Legal Research: Generates precise legal terminology queries
Medical Literature: Expands medical queries with relevant terminology
Patent Search: Handles technical vocabulary variations effectively

Enterprise Knowledge Management

Organizations can implement QueStER for:

Internal Document Search: Improves employee information access
Customer Support: Enhances FAQ and knowledge base retrieval
Research Portals: Facilitates academic and scientific literature search

E-commerce and Product Discovery

Retail applications benefit from:

Product Search: Handles varied customer terminology
Recommendation Systems: Improves product discovery
Inventory Management: Enhances internal product database searches

Limitations and Considerations

Data Contamination

Public models like Qwen may contain overlapping data with MS MARCO or BEIR datasets.

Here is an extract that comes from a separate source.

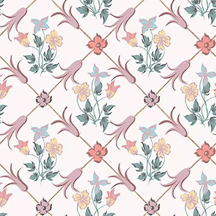 Die zarten floralen Elemente sind symmetrisch angeordnet und erzeugen auf diese Weise eine ruhige Atmosphäre im Raum. Bringen Sie ein nostalgischen Flair in Ihr Zuhause. Als Kontrast eignet sich die Tapete hervorragend für die Wandgestaltung eines Raumes mit einer Einrichtung im Bauernhaus-Stil, ergänzt aber auch auf individuelle Weise eine moderne und zeitlose Art der Einrichtung und Dekoration.

While this affects all comparative studies, precise contamination measurement remains challenging.

Query Language Complexity

Current implementation focuses on keyword generation. Future work should explore:

Boolean query operators (AND, OR, NOT)
Phrase queries and proximity specifications
Hybrid dense-sparse retrieval backends

Domain Adaptation

While QueStER shows strong out-of-domain performance, extreme domain shifts may require additional fine-tuning or domain-specific adaptation strategies.

Future Directions

Structured Query Languages

Expanding beyond keyword generation to support complex query specifications will enhance expressiveness and precision. Integration with search libraries like Lucene could enable sophisticated query construction.

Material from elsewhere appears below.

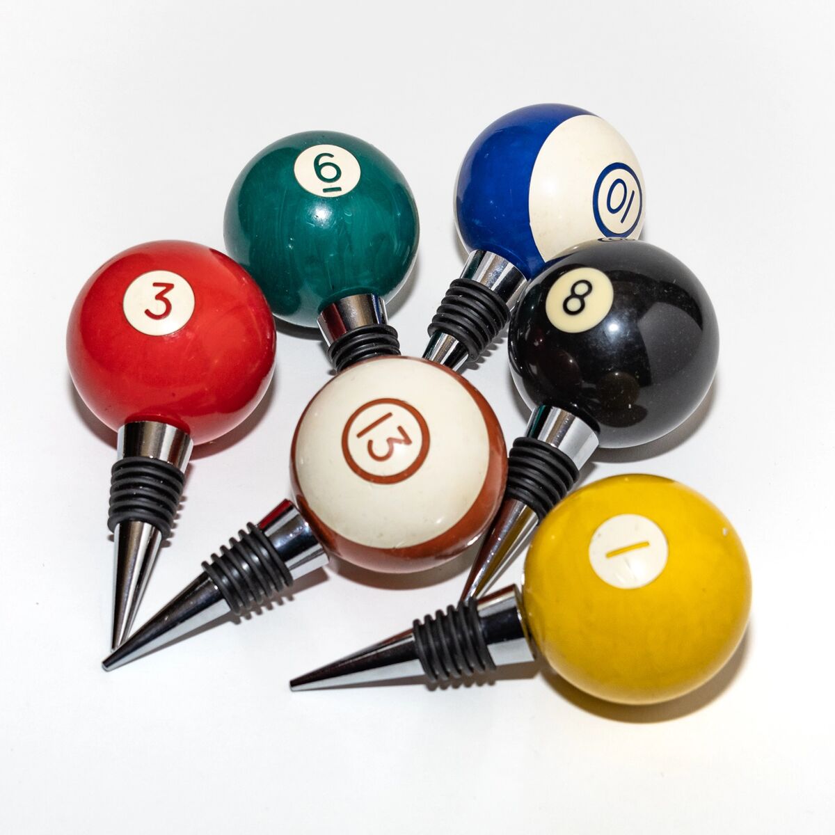 Bring personality and nostalgia to your barware collection with these sustainable, eco-friendly bottle stoppers. They make a perfect gift for pool players, wine lovers, and vintage décor enthusiasts.

Hybrid Retrieval Architectures

Combining dense and sparse retrieval approaches could leverage the strengths of both methods, potentially improving both effectiveness and efficiency.

Multi-Modal Retrieval

Extending the framework to handle image, video, and audio content would broaden applicability across diverse media types.

Real-Time Adaptation

Developing mechanisms for continuous learning and adaptation could help systems evolve with changing language patterns and user behaviors.

Conclusion

QueStER represents a significant advancement in information retrieval, demonstrating that small language models can achieve competitive performance with large proprietary systems while maintaining superior efficiency. By reframing generative retrieval as query specification generation, QueStER bridges the gap between traditional and neural approaches, offering a practical solution for real-world deployment.
The method’s strengths lie in:

Efficiency: 28ms/query with 4B parameter model
Effectiveness: +4.0 nDCG@10 in-domain, +5.3 out-of-domain over BM25
Explainability: Human-readable query specifications
Scalability: No index rebuilding required when models update
Accessibility: Runs on single GPU, reducing deployment barriers
As information retrieval continues to evolve, QueStER provides a foundation for more efficient, effective, and explainable search systems. Its balance of performance and practicality makes it suitable for immediate deployment across various domains while offering a pathway for future advancements in generative retrieval technology.
The approach demonstrates that with thoughtful architecture and training strategies, small language models can compete with much larger systems, opening possibilities for more accessible and sustainable information retrieval solutions.